L’ascesa della Cina nel settore spaziale si comprende meglio come il prodotto di un modello guidato dal governo, che privilegia indirizzo centrale, scala e visione strategica di lungo periodo. Questo approccio ha garantito una solida espansione della ricerca e delle infrastrutture spaziali in Cina, ma non basta ad assicurare al paese la leadership lungo tutto lo spettro delle tecnologie spaziali. In parole semplici, la Cina potrebbe primeggiare nella ricerca lunare e competere con gli Stati Uniti nell’invio di astronauti sulla Luna. I ritardi nei piani di allunaggio dell’agenzia spaziale statunitense, ora rimandati almeno al 2028, stanno avvicinando la tabella di marcia di Washington a quella di Pechino, fissata per il 2030. Ulteriori ritardi potrebbero causare importanti battute d’arresto: ciò significa che la Cina potrebbe essere la prima a riportare degli esseri umani sulla superficie della Luna e a condurre missioni lunari più frequenti. Tuttavia, la forza della Cina nell’esplorazione spaziale non si estende necessariamente ad ambiti più orientati al commercio, come l’internet spaziale.

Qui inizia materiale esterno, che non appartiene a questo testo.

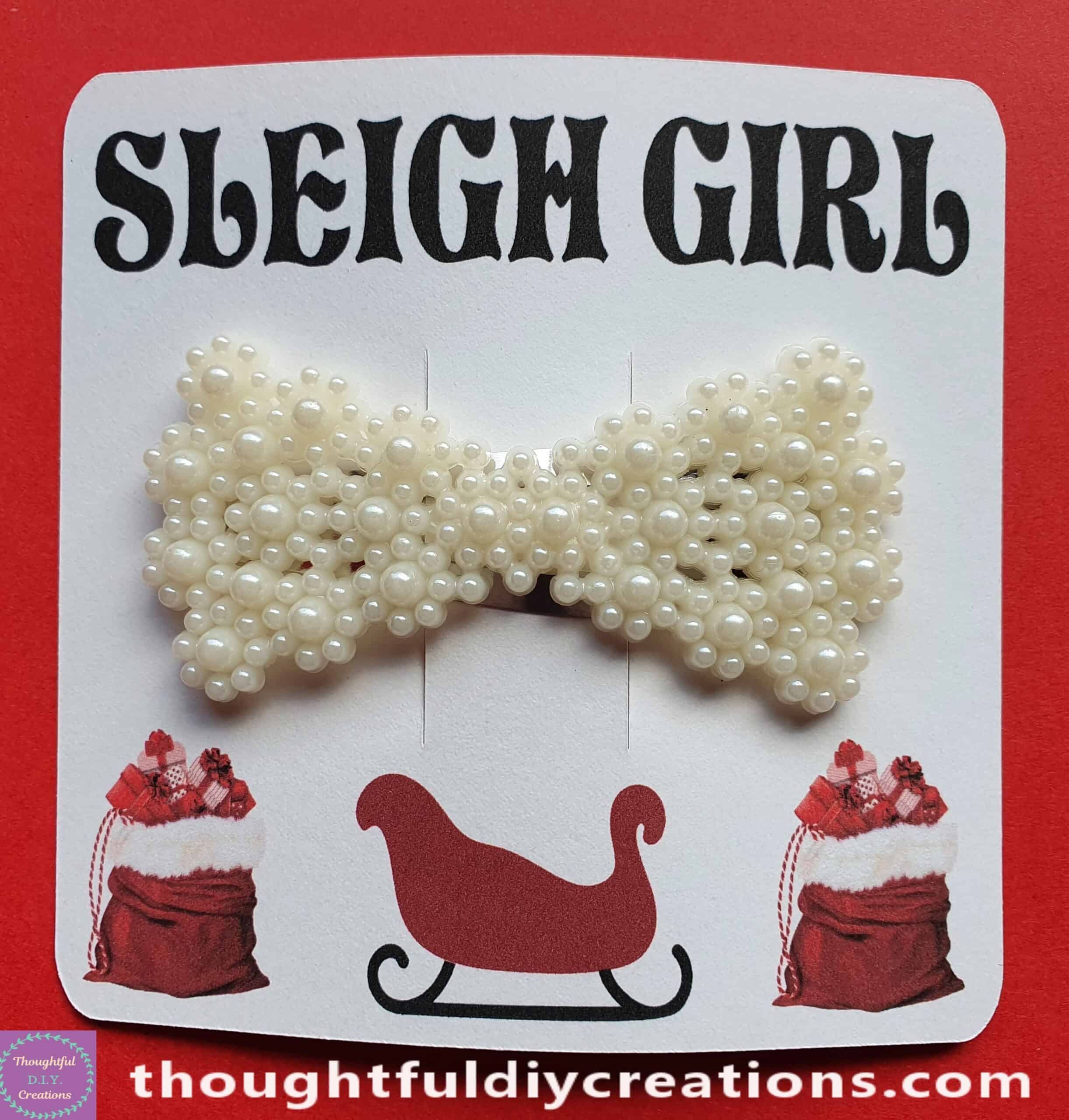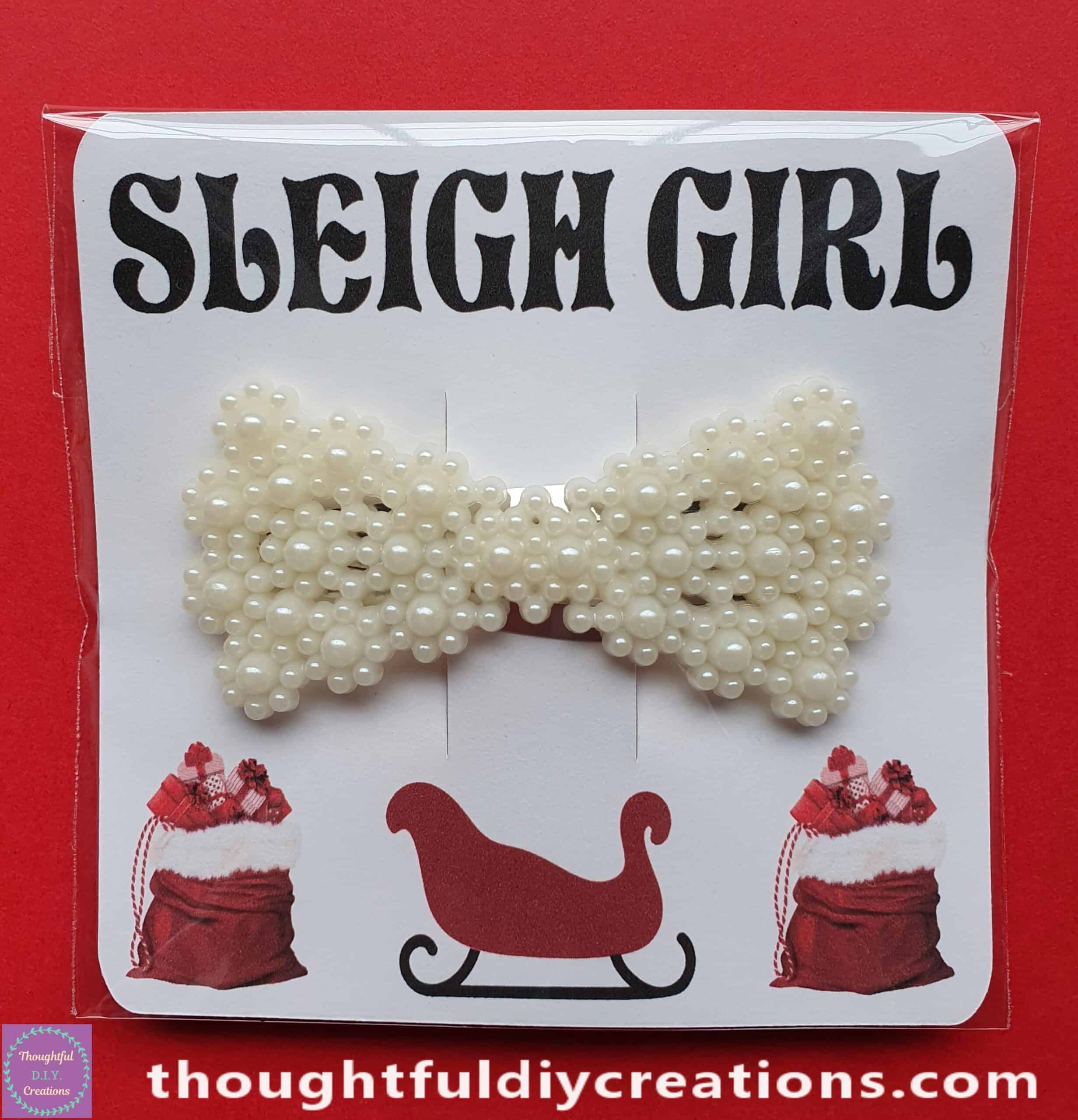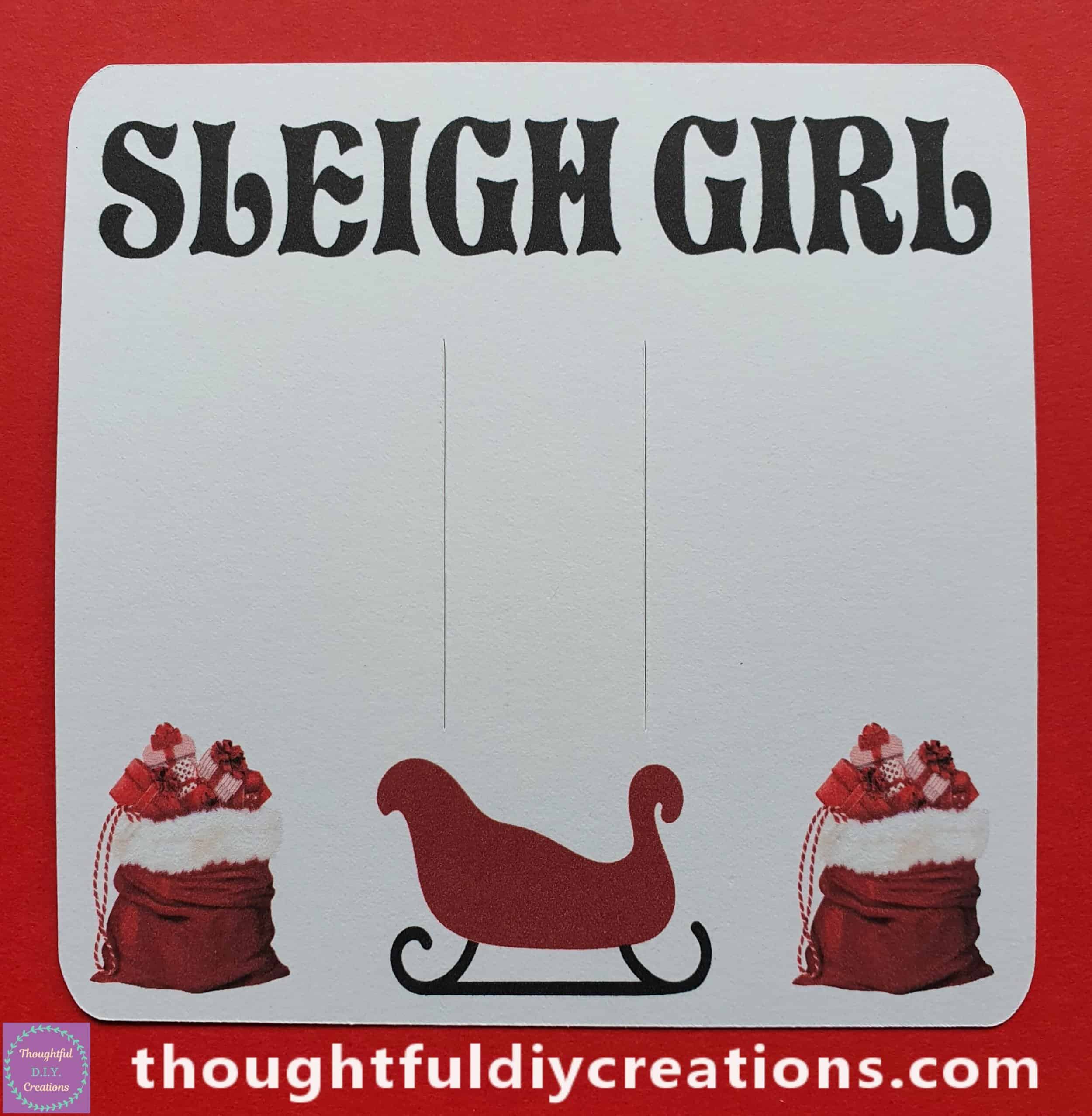 I Designed this SLEIGH GIRL Clip Holder featuring the Text in Black at the Top of the Clip Holder. At the bottom of the Clip Holder are Two Red and White Santa Sacks filled with Presents, and a Red and Black Sleigh in the middle of each Sack.

La prossima fase della competizione spaziale, soprattutto tra Stati Uniti e Cina, si baserà meno su risultati eclatanti e più sulla capacità di costruire sistemi orbitali che si colleghino all’attività economica e alla sicurezza. Anche altri attori, tra cui Giappone, Corea del Sud e India, stanno portando avanti le proprie strategie spaziali. L’Europa è impegnata in una serie di iniziative ambiziose, dall’osservazione della Terra ai progetti di energia solare, quale SOLARIS, fino alla rete satellitare IRIS². La domanda, per noi europei, è se saremo in grado di tradurre questi piani in capacità sostenibili e di non rimanere indietro in un’economia spaziale sempre più competitiva.